MATERIAL FOR THE TASK:
::::
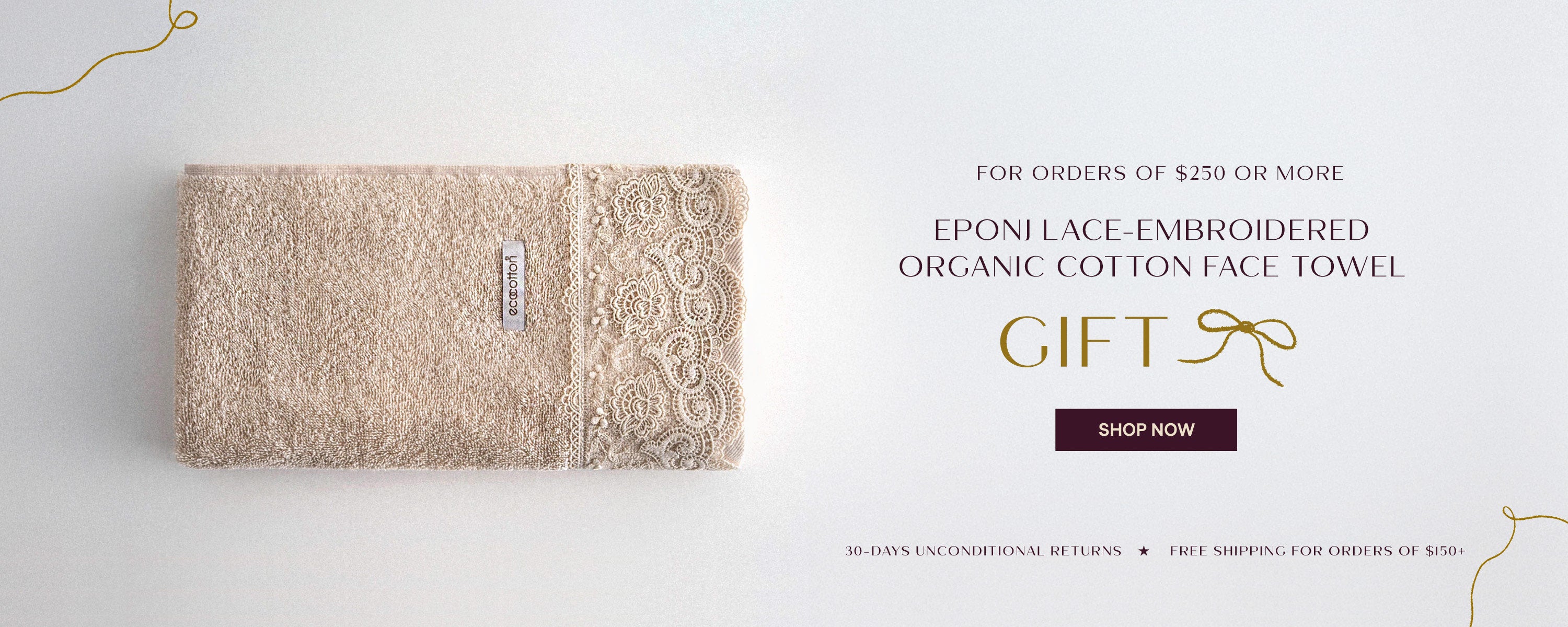 For orders $250+, get a free Eponj lace-embroidered organic cotton face towel.
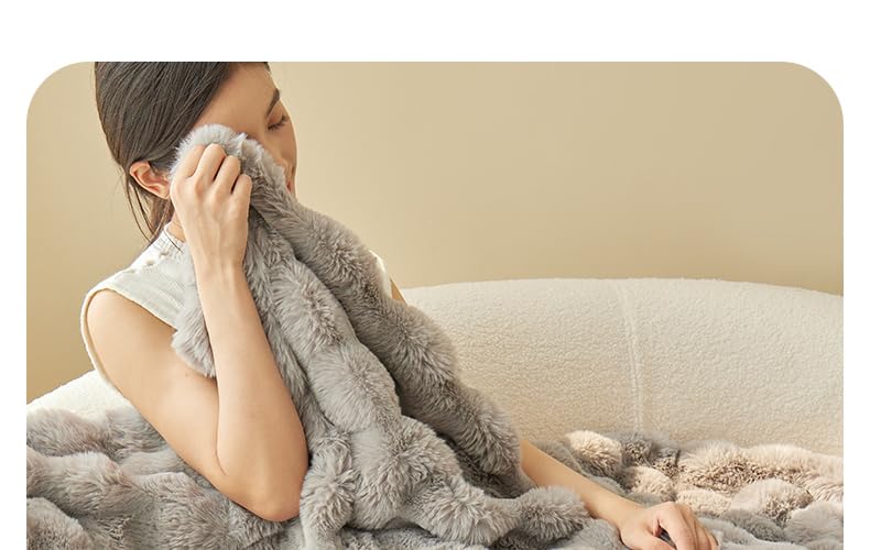 Doppelseitige Kuscheldecke: Decke ist Kaninchen Plüsch und die, der Flor ist wohlbeleibt und weich, sehr warm auf der Haut, diese Winterkuscheldecke kann auf beiden Seiten verwendet werden, einfach, stilvoll und elegant.
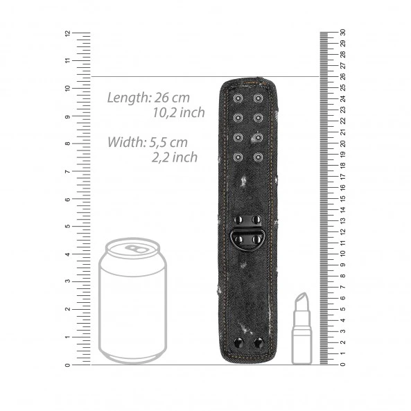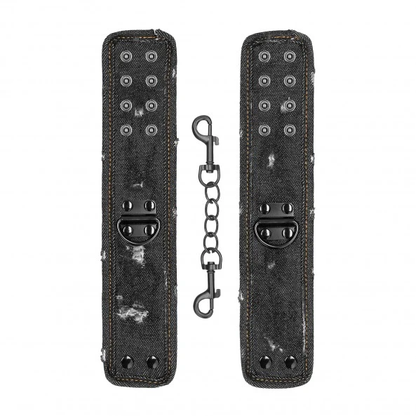 RĂ©alisĂ©e en denim et mĂ©tal. Les menottes se ferment grĂące Ă des boutons poussoirs et s’ajuste Ă la plupart.
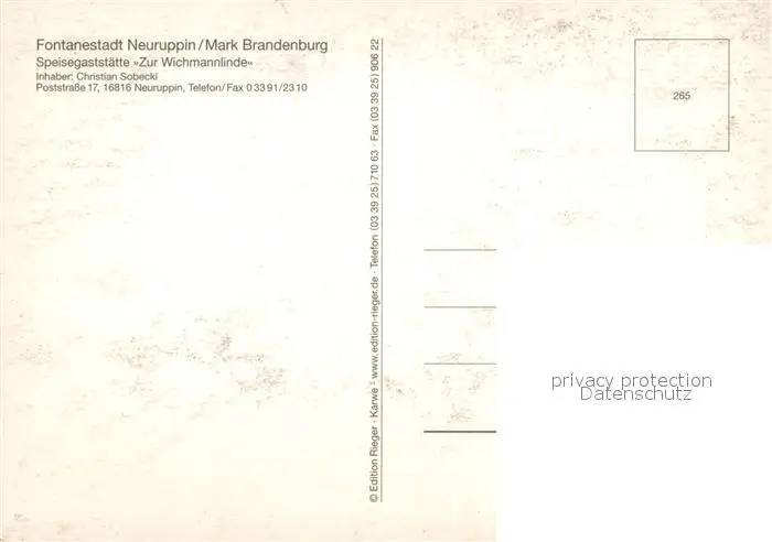 Neuruppin Gaststaette Zur Wichmannlinde Aussenansicht Terrasse Neuruppin postalisch nicht gelaufen nach 1965 Erhaltung siehe scans [LiesaD40] LiesID40
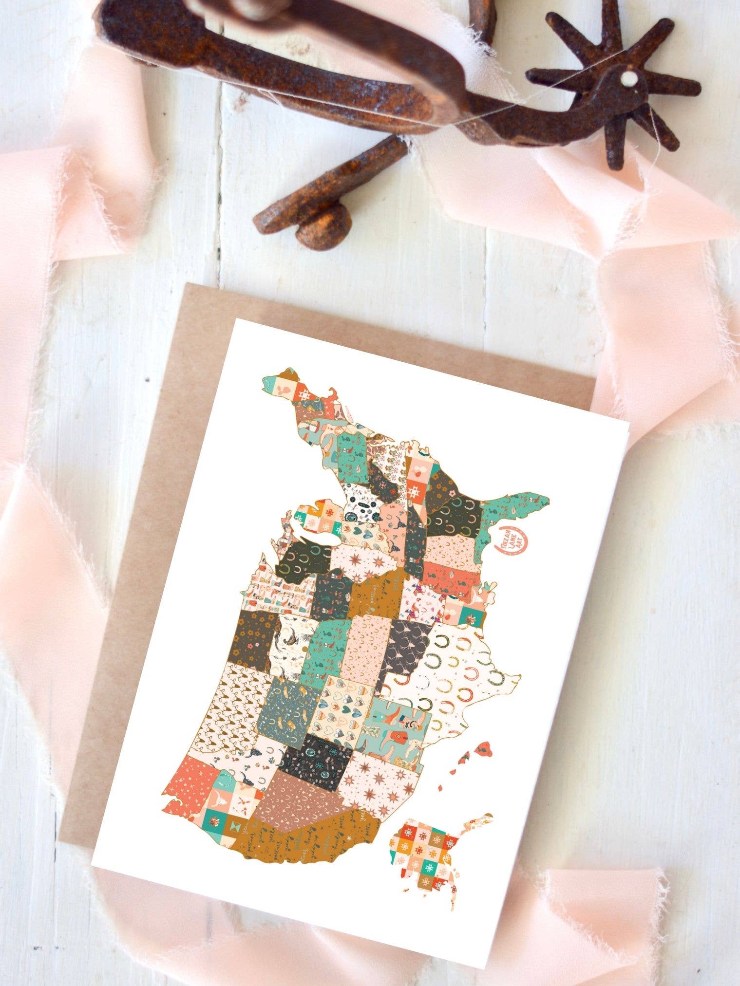 Western Cowboy Cowgirl Colorful United States Patchwork Card
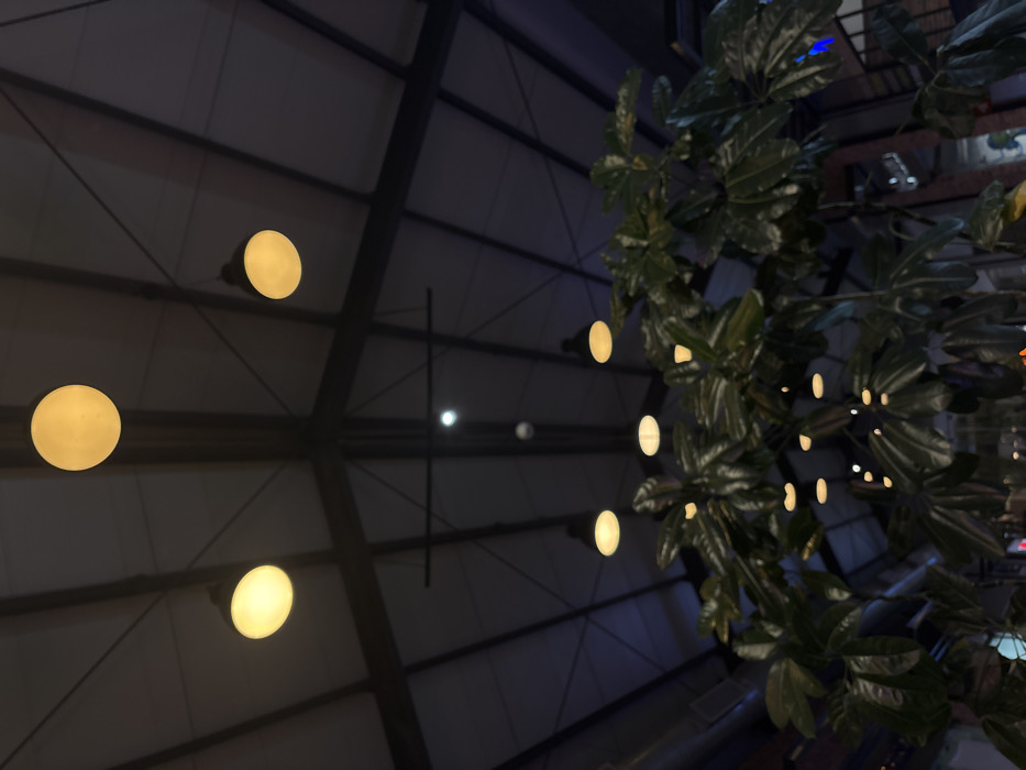 A dark ceiling structure with linear patterns intersected by beams hosts multiple spherical light fixtures. The lights vary in proximity and brightness. Green foliage, possibly a climbing plant, obscures portions of the ceiling and lights on the right side of the image. Some reflections are visible on the ceiling. The scene is dimly lit and creates a sense of depth with the perspective.
::::
YOUR INSTRUCTIONS:
Full transcription without images: please go through the records and repeat them exactly.

TASK SOLUTION:
 For orders $250+, get a free Eponj lace-embroidered organic cotton face towel.
 Doppelseitige Kuscheldecke: Decke ist Kaninchen Plüsch und die, der Flor ist wohlbeleibt und weich, sehr warm auf der Haut, diese Winterkuscheldecke kann auf beiden Seiten verwendet werden, einfach, stilvoll und elegant.
 RĂ©alisĂ©e en denim et mĂ©tal. Les menottes se ferment grĂące Ă des boutons poussoirs et s’ajuste Ă la plupart.
 Neuruppin Gaststaette Zur Wichmannlinde Aussenansicht Terrasse Neuruppin postalisch nicht gelaufen nach 1965 Erhaltung siehe scans [LiesaD40] LiesID40
 Western Cowboy Cowgirl Colorful United States Patchwork Card
 A dark ceiling structure with linear patterns intersected by beams hosts multiple spherical light fixtures. The lights vary in proximity and brightness. Green foliage, possibly a climbing plant, obscures portions of the ceiling and lights on the right side of the image. Some reflections are visible on the ceiling. The scene is dimly lit and creates a sense of depth with the perspective.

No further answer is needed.